Только празднуя двадцатилетие нашей Победы, мы впервые, кажется по-настоящему, вспомнили прошлое. Вспомнили и многих из тех, кого начали уже забывать и кого нельзя было забывать. Мы, может, и не понимали, что совершали преступление не только перед теми, кто погиб и забыт, но и перед будущим, перед нашими детьми.

Память истории — жестокая память. Она никому не прощает и никого не забывает. В конце концов всегда свершится возмездие. И мужественные, смелые, бескорыстные получат свое… И воздастся негодяям!

Но ведь есть и наша живая человеческая память, она помнит то, что должно жить и сегодня: наши тогдашние мысли, надежды, нашу веру. Наши дела. Наши поступки.
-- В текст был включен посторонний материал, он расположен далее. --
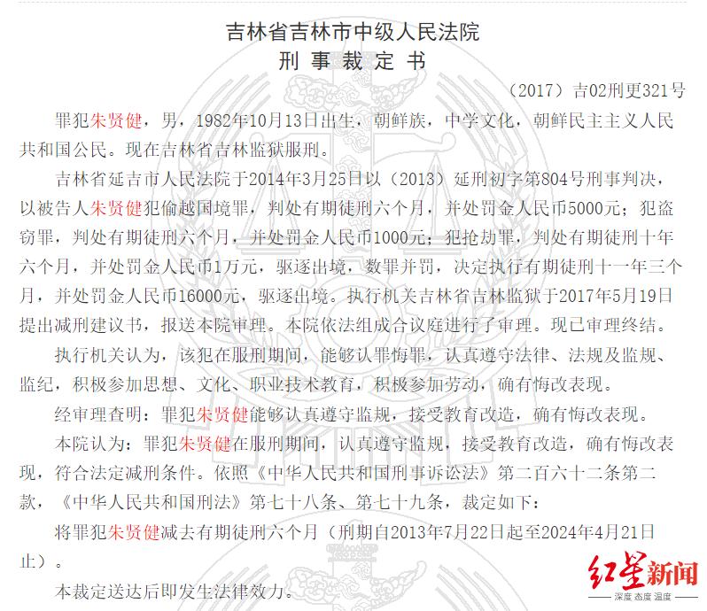 另据两份刑事裁定书显示,朱贤健在2017年和2020年曾两次获得减刑。其中,在2017年,执行机关吉林省吉林监狱认为朱贤健在服刑期间,能够认罪悔罪,认真遵守法律、法规及监规、监纪,积极参加思想、文化、职业技术教育,积极参加劳动,确有悔改表现,遂提出减刑建议书,报送吉林省吉林市中级人民法院审理。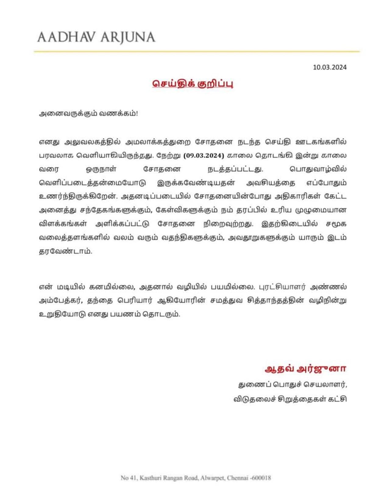 இது தொடர்பாக விடுதலை சிறுத்தைகள் கட்சி துணைப்பொதுச்செயலாளர் ஆதவ் அர்ஜூனா வெளியிட்டுள்ள அறிக்கையில், எனது அலுவலகத்தில் அமலாக்கத்துறை சோதனை நடந்த செய்தி ஊடகங்களில் பரவலாக வெளியாகியிருந்தது. நேற்று முன்தினம் (09.03.2024) காலை தொடங்கி நேற்று காலை வரை ஒருநாள் சோதனை நடத்தப்பட்டது. பொதுவாழ்வில் வெளிப்படைத்தன்மையோடு இருக்கவேண்டியதன் அவசியத்தை எப்போதும் உணர்ந்திருக்கிறேன். அதனடிப்படையில் சோதனையின்போது அதிகாரிகள் கேட்ட அனைத்து சந்தேகங்களுக்கும், கேள்விகளுக்கும் நம் தரப்பில் உரிய முழுமையான விளக்கங்கள் அளிக்கப்பட்டு சோதனை நிறைவுற்றது.
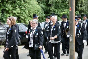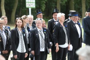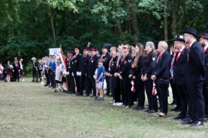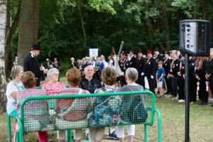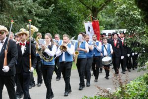Am Samstag, dem 05. Juli, startete der Tag mit dem traditionellen Ausmarsch der Kompanien um 12:00 Uhr. Begleitet von der Wiedensahler Dorfkapelle zogen die Schützen zunächst zum Haus der Vorjahreskönigin Elena Jäkel und ihres Prinzgemahls Frank, um die beiden abzuholen. Nach einem kurzen Aufenthalt am Ehrenmal, bei dem ein Kranz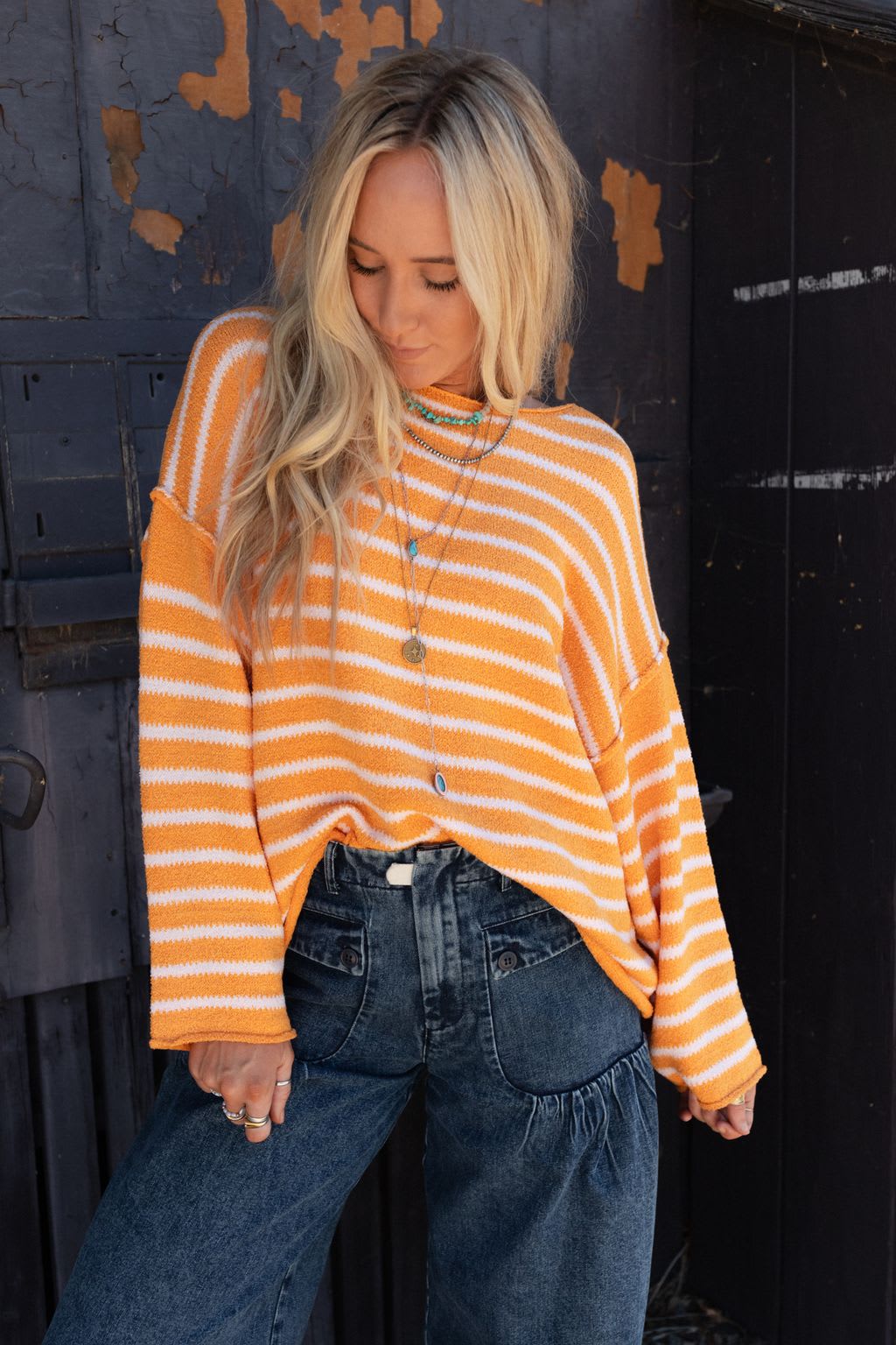 Summer nights and fall mornings have never been better than in the All My Stripes Oversized Sweater!

Пусть мы будем только такими, какими были! Ни лучше, ни хуже. Правда — самый лучший памятник тем, кто не встанет, не пройдет в ясный летний день по молодой зеленой траве, не взглянет на этот просторный бесконечный мир, не вскинет на руках, высоко, «под самое небо», родную кровь — счастливо залившуюся девчоночку с розовым бантом на голове.

Мы спускались к югу, и словно бы прочерчивалась карта фронтов: от Москвы через Серпухов, Тулу, Орел, Курск, Белгород, Харьков на Днепропетровск, Запорожье и затем, оставляя в стороне Каховку с новой знаменитой гидростанцией, через Сиваш, Чонгар в Крым.

Был в этом пробеге свой смысл и цель. За два-три дня перед глазами проносятся огромные пространства, города, деревни, и за многими открывалась история — и совсем давнее и близкое, памятное до боли.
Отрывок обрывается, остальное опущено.